On 1/21/06, Mind Bridge <[EMAIL PROTECTED]> wrote:
>
> One other thing -- do you use Shell? I remember that IE did not respect
> the HTTP  headers (Firefox does though) and it was necessary to include
> <meta http-equiv="Content-Type" content="text/html;charset=UTF-8"/>
> (what whatever the OutputEncoding is set to) in the HTML of the page.
> Shell does precisely that. Tapestry also places a content-type parameter
> in the HTTP header that includes the output encoding.
>
> Lubos and Alena Pochman wrote:
> > I did not set either property:
> >
> > org.apache.tapestry.output-encoding (should default to UTF-8)
> > or
> > org.apache.tapestry.template-encoding (should default to ISO-8859-1)
> >
> > But when viewing the source of the html generated by Tapestry note that
> > charset is set to UTF-8 (properly), but it is the second <meta> in
> <head>.
> >
> > Lubos
> >
> >
> > On 1/21/06, Mind Bridge <[EMAIL PROTECTED]> wrote:
> >
> >>> I have fixed the charset encoding problem in Tapestry 3.02. The
> problem
> >>>
> >> is
> >>
> >>> that Tapestry generated web page sets charset to ISO-8859-1.
> >>>
> >> This is very strange, I am pretty sure it does not use ISO-8859-1 and
> >> the default encoding is UTF-8. Have you changed output-encoding  and
> >> template-encoding by any chance?
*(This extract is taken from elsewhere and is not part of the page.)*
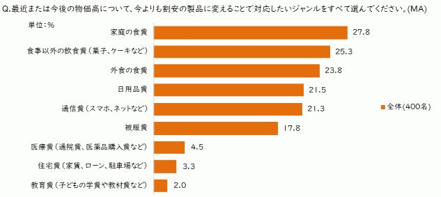 最近または今後の物価高について割安品への変更で対応したい費目としては、「家庭の食費」「食事以外の食費(菓子、ケーキなど)」「外食の食費」が上位に挙がりました。物価高の環境では、食費に対する節約意識が強く、消費行動にも変化が起こりやすいことがわかります。具体的には「割引品や見切り品を探す」「まとめ買い」「価格や製品の見比べ」などの変化を推測できます。他にダウングレードが生じやすい費目としては、「日用品費」「通信費」があてはまります。食品、日用品、通信は物価高がブランドスイッチの契機となる可能性が相対的に高いということがわかります。

See
> >>
> >>
> http://jakarta.apache.org/tapestry/3.0.3/doc/TapestryUsersGuide/configuration.search-path.html
> >> and
> >>
> >>
> http://jakarta.apache.org/tapestry/3.0.3/doc/TapestryUsersGuide/configuration.character-sets.html
> >> for details
> >>
> >> Lubos and Alena Pochman wrote:
> >>
> >>> I have fixed the charset encoding problem in Tapestry 3.02. The
> problem
> >>>
> >> is
> >>
> >>> that Tapestry generated web page sets charset to ISO-8859-1.
> >>>
> >>> I've created CharsetFilter (servlet container filter, not Tapestry's),
> >>>
> >> and
> >>
> >>> force UTF-8 encoding on both request and response.
> >>>
> >>>  public void doFilter(ServletRequest servletRequest, ServletResponse
> >>> servletResponse,
> >>>             FilterChain filterChain) throws IOException,
> >>>
> >> ServletException {
> >>
> >>>   try  {
> >>>             servletRequest.setCharacterEncoding("UTF-8");
> >>>             servletResponse.setContentType( "text/html; charset=UTF-8"
> >>>
> >> );
> >>
> >>> I found the solution after digging at Google
> >>> (http://forum.java.sun.com/thread.jspa?threadID=539309&tstart=0
> >>> )
> >>> and by getting response to my Luntbuild blog entry
> >>>
> >>>
> >>
> http://jroller.com/page/luntbuild?entry=problems_to_make_tapestry_talking.
> >>
> >>> I think the problem is that Tapestry, when it generates the html page
> >>>
> >> does
> >>
> >>> not put Content-Type meta tag first:
> >>>
> >>> <head>
> >>> <meta name="generator" content="Tapestry Application Framework,
> version
> >>> 3.0.2"/>
> >>> <meta http-equiv="Content-Type" content="text/html;charset=UTF-8"/>
> >>>
> >>> That might cause, that it is ignored (I have read it somewhere).
> >>>
> >>>
> >>> On 1/20/06, Lubos and Alena Pochman <[EMAIL PROTECTED]> wrote:
> >>>
> >>>
> >>>> I use Tapestry 3.02 and when I try to enter non-english/ansi text
> like
> >>>> "Génération" into text field (<input>), I get from Tapestry when
> >>>> creating the Java object that holds the data [G, Ã, (c), n, Ã, (c),
> r,
> >>>> a, t, i, o, n] or in bytes [71, 61, 87, 110, 61, 87, 114, 97, 116,
> >>>> 105, 111, 110], while I should get [G, é, n, é, r, a, t, i, o, n] or
> >>>> in bytes [71, 23, 110, 23, 114, 97, 116, 105, 111, 110].
> >>>>
> >>>> When I force the é char in debugger (Change value in Eclipse), when
> >>>> the Java object is created, everything else (rest of the system,
> >>>> display, storage) works OK. That is why I think it is Tapestry/Ognl
> >>>> input handling and Java object mapping.
> >>>>
> >>>> I set all the obvious/recommended utf-8 encoding.
> >>>>
> >>>> Any Tapestry multi-language experts?
> >>>>
> >>>>
> >>>>
> >>>
> >> ---------------------------------------------------------------------
> >> To unsubscribe, e-mail: [EMAIL PROTECTED]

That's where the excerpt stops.